Los volantines dieciocheros

Qué mejor mes del año que septiembre para hablar de nuestras costumbres y tradiciones, con las cuales nos reencantamos en esta fecha, aunque -según mi parecer- cada vez en menor grado o en forma más sofisticada, con lo cual estas costumbres y tradiciones pierden su esencia, pierden ese atributo que las hace ser tan nuestras, porque son originarias de nuestras raíces, como por ejemplo el volantín que hoy lo traen desde China, con otras formas y, sobre todo, sin la magia ni el encanto que tenía un volantín artesanal hecho en casa y con nuestras propias manos.

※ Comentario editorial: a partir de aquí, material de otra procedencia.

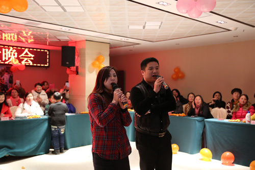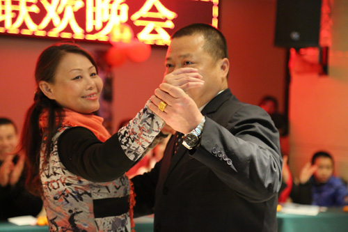 晚會上,首先由傳統節目“擊鼓傳花”拉開序幕,當紅花落在手中,鼓點戛然而止時,手拿紅花的人必須說出含“羊”字的祝賀語,“喜氣洋洋、洋洋得意、羊年大吉”等吉祥語此起彼伏。晚會上還精心準備了幾個小游戲,由各項目部派出精兵強將參加了“蘿卜蹲、你比劃我來猜”等游戲,勝出者手捧獎品喜笑顏開,抽獎環節更是讓人期盼揪心。接著員工們紛紛上臺亮出嗓門,一曲曲高歌將晚會推向一個又一個高潮,董事長劉燕夫婦也為大家深情演唱了一首老情歌。
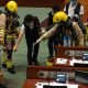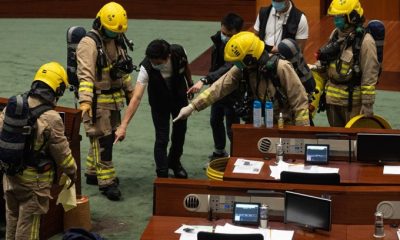Полицијата и пожарникарите влегоа во парламентот во Хонгконг откако двајца продемократски пратеници испрскаа смрдлива течност во знак на протест против масакрот на плоштадот Тијананмен пред 31...
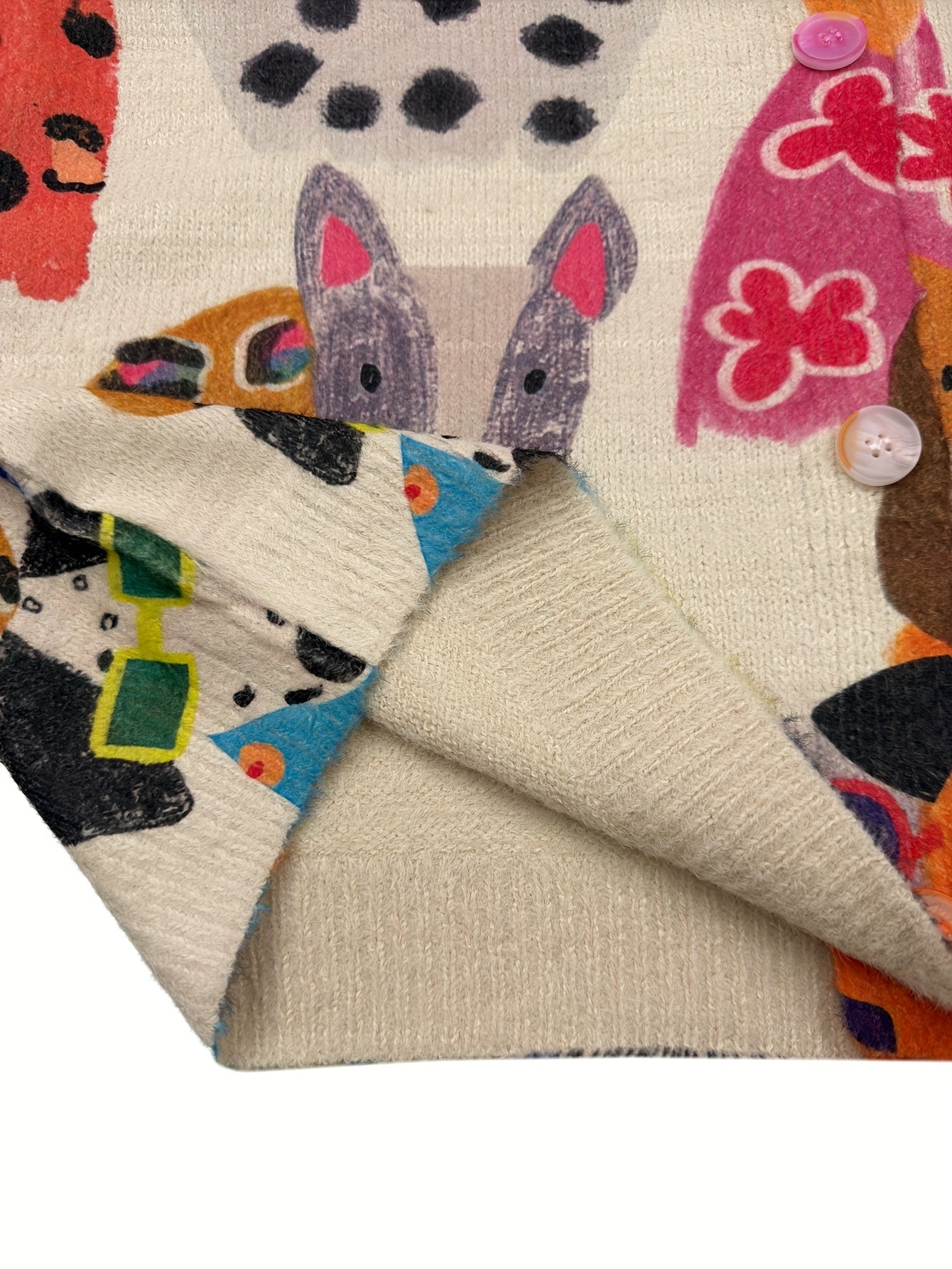 Plus Size Women's V-Neck Long Sleeve Cardigan Knit Sweater With Dog Print
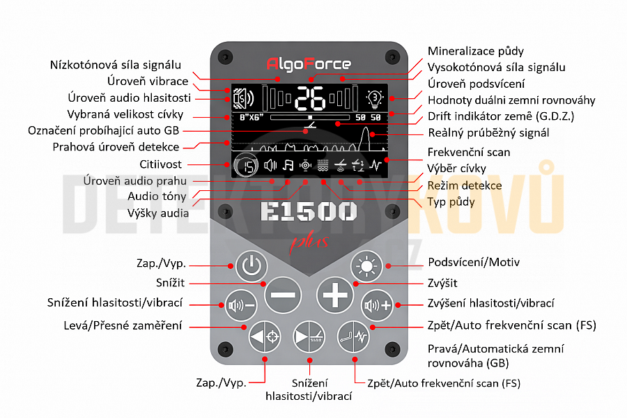 AlgoForce E1500 Plus je špičkový pulzně indukční (PI) detektor kovů vyvinutý a vyráběný v Austrálii společností AlgoForce Pty Ltd. Je určen především pro hledání velmi drobných zlatých nugetů v silně mineralizovaných půdách, typických pro zlatonosné oblasti.
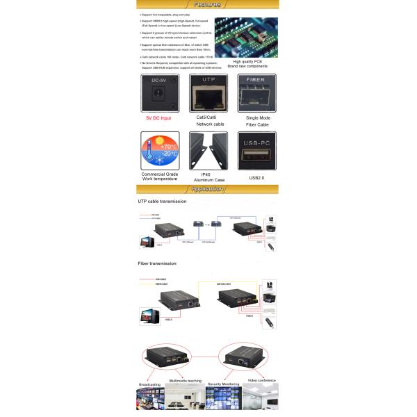 ► Support optical fiber extension of 6km, of which USB

A mi juicio, no hay nada más representativo de las fiestas patrias que nuestra bandera tricolor y el volantín encumbrado en los cielos azules de nuestro querido Chile. Incluso hasta la naturaleza y la climatología están relacionados en esta fecha: “Salió el viento dieciochero”, dicen algunos cuando notan fuertes ráfagas o ventorrales. “Es para elevar volantines”, responde alguien asociando esta observación.

El diccionario lo define de la siguiente forma: “El volantín es un trozo cuadrado de papel, con una liviana armazón de palos de coligüe o caña, que es elevado a través de un simple hilo. Se puede jugar simplemente elevándolo lo más alto posible, o bien, a través de la «comisión» que consiste en mandar «cortado» el volantín del contrincante, lo que se consigue a través del roce entre los hilos”.

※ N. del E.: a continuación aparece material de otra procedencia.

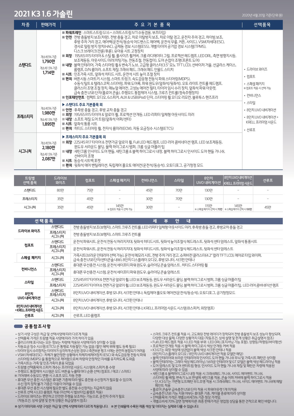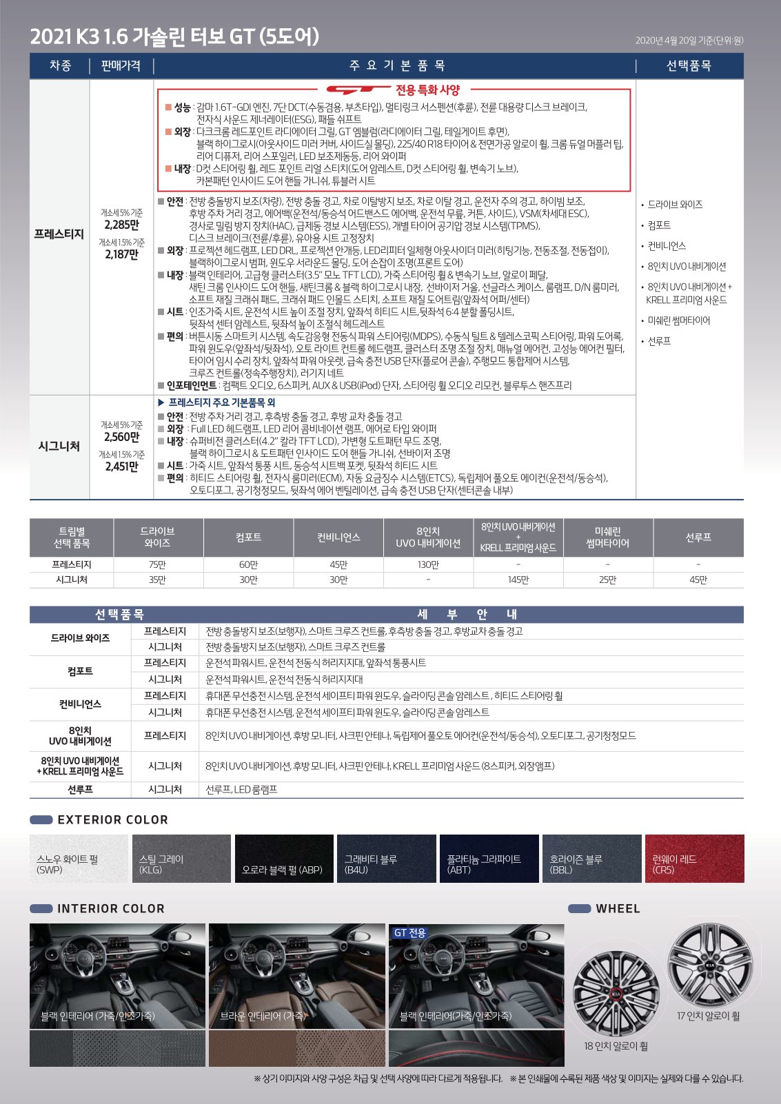 2020년 4월 K3 / K3 GT 신차가격표 (2021년형 출시)
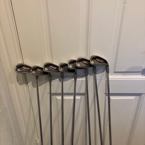 Power Tornado golfjern sæt med jern nummer 5 til 9, pitching wedge (P) og sand wedge (S). Sættet har røde skaft og sorte greb. Designet til brug af golfspillere, der ønsker et komplet sæt jern til forskellige slag. Samt to drivere
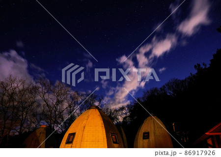 星空夜空とキャンプ場可愛いメルヘンチック背景素材 千葉県君津市清和県民の森ロッジ村

Pero lo que no saben las nuevas generaciones es que décadas atrás, hablemos de los años sesenta y comienzo de los setenta, construir un volantín era todo un proceso artesanal que demandaba una exigente preparación, dedicación y cariño, porque uno pretendía que su volantín fuera el más “encachao” y, sobre todo, el más firme y duradero, a la hora de aguantar el juego de mantenerlo en el aire.

Primero, había que ir al río a buscar las cañas, fijándonos que no estuvieran muy verdes ni muy secas, para permitir la flexión que demanda el arco. Una vez en la casa, había que cortarlas para obtener el grosor que requiere la construcción de un volantín.

Luego venía la tarea de concurrir a la ferretería o mercería del centro a comprar la “colapí”, que era una especie parecida a la chancaca, muy dura, que había que derretir en “baño maría”, hasta que quedara como almíbar y entonces recién estaba lista para pegar las cañas en el papel.

Me acuerdo que la colapí la compraba en la ferretería “La Casa Azul” de don Martín Dorgambide, ubicada en la calle Prat de Vallenar, mi tierra natal. Si no había allí este producto, dirigíamos nuestros pasos hasta la Mercería “Central” perteneciente a don Luis Pastén.

Después venía el corte del papel comprador en la librería “Victoria” o en la librería “Alvarez”. Estaba la opción de que el volantín fuera de un solo tono o multicolor, lo que lográbamos añadiendo retazos de distintos tonos hasta conformar el cuadrado.

La confección de un volantín era todo un ceremonial que demandaba tiempo, concentración y dedicación, sobretodo cuando llegaba la hora de tener que cortar los flecos, que eran el adorno que le daba el “caché” y, especialmente, el equilibrio en la altura, para soportar los vientos encontrados y no se nos viniera a pique.

Como toda ciencia o juego, el arte de elevar en buena forma un volantín también tiene sus “secretos” como, por ejemplo, que sus tirantes queden lo más equidistante posible o haciéndolo “chupetito”, que significa arquear el arco, por medio de tirantear el hilo del arco con unas vueltas en los extremos de la caña. Así se elimina su forma plana y queda más aerodinámico. Ahora si le agrega unos buenos flecos, largos y contundentes, téngalo por seguro que el volantín se va a mantener por mucho tiempo en el aire, luciendo altivo y ganador, dueño de su espacio de cielo.

Pero, no solo volantines hacíamos en nuestra época infantil; también fabricábamos “cometas”, aquellos con cuatro puntas que resultaban de dos cañas pegadas en forma de cruz y, si esto fuera poco, también nos dábamos el gusto de fabricar “estrellas”“Pavos” le decían algunos- con 8 puntas, producto de 4 cañas atravesadas, cuyos contornos estaban cubiertos de pequeños flecos. Ahora, si no estaban las monedas para comprar un volantín había que conformarse con una “cambucha”, un pedazo de papel al que se le daban unos dobleces, se le instalaba una cola, que podía ser del mismo tipo de papel, y estaba lista para elevarla.

Para quienes esperábamos con ansias el mes de septiembre para elevar volantines fabricados por nosotros mismos, resulta penoso ver que ahora es un producto importado y eso afecta los recuerdos y las emociones que atesoramos los niños de los años sesenta y setenta.